The furnished holiday letting (FHL) tax regime is to be abolished from 6 April 2025 (1 April 2025 for companies). HMRC has recently published guidance on how this will work, although there is still some uncertainty.

From April 2025 FHLs and buy-to-lets will have the same tax treatment, with income and expenses from both pooled together. FHL finance costs will be restricted to a basic-rate tax deduction, although companies avoid this restriction.

Key changes

Unused FHL losses: These can be carried forward and set against future property income. This is quite generous: under the old regime, losses could only be relieved against future profits of the same FHL business.

Capital allowances: Where a FHL business has a pool of capital allowance expenditure, writing down allowances can continue to be claimed.
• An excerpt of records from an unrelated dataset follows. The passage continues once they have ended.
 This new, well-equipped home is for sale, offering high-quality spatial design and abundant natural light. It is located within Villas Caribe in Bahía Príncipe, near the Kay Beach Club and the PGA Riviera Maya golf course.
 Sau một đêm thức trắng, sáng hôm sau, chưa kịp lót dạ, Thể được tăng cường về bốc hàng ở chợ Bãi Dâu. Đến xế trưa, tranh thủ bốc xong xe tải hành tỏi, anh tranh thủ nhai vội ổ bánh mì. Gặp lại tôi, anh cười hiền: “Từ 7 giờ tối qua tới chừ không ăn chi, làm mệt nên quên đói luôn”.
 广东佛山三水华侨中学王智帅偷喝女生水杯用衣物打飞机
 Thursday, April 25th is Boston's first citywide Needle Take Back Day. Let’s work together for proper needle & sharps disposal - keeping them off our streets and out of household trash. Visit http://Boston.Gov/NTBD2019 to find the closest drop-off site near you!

Any new expenditure from April 2025 onwards will only be deductible where certain domestic items are being replaced (not the initial purchase cost).

Business asset disposal relief: Relief can still apply for three years after a business has ceased trading. However, the abolition of the FHL regime doesn’t count as cessation, so relief will not be available unless cessation actually takes place by 5 April 2025 (31 March 2025 for a company).

VAT: Despite the end of the FHL regime, rent from holiday accommodation will still be subject to VAT if the registration threshold is breached.

Trading activities?

Despite the repeal of the FHL regime, there will be a few letting businesses which continue to qualify as a trade. However, HMRC has declined to introduce a brightline test which would have clearly set out the distinction between property letting and trading activities.

Landlords of jointly let property need to be aware that the rules for sharing income will change. For buy-to lets, income is split 50:50 for husbands and wives or civil partners, unless the appropriate form is submitted to HMRC.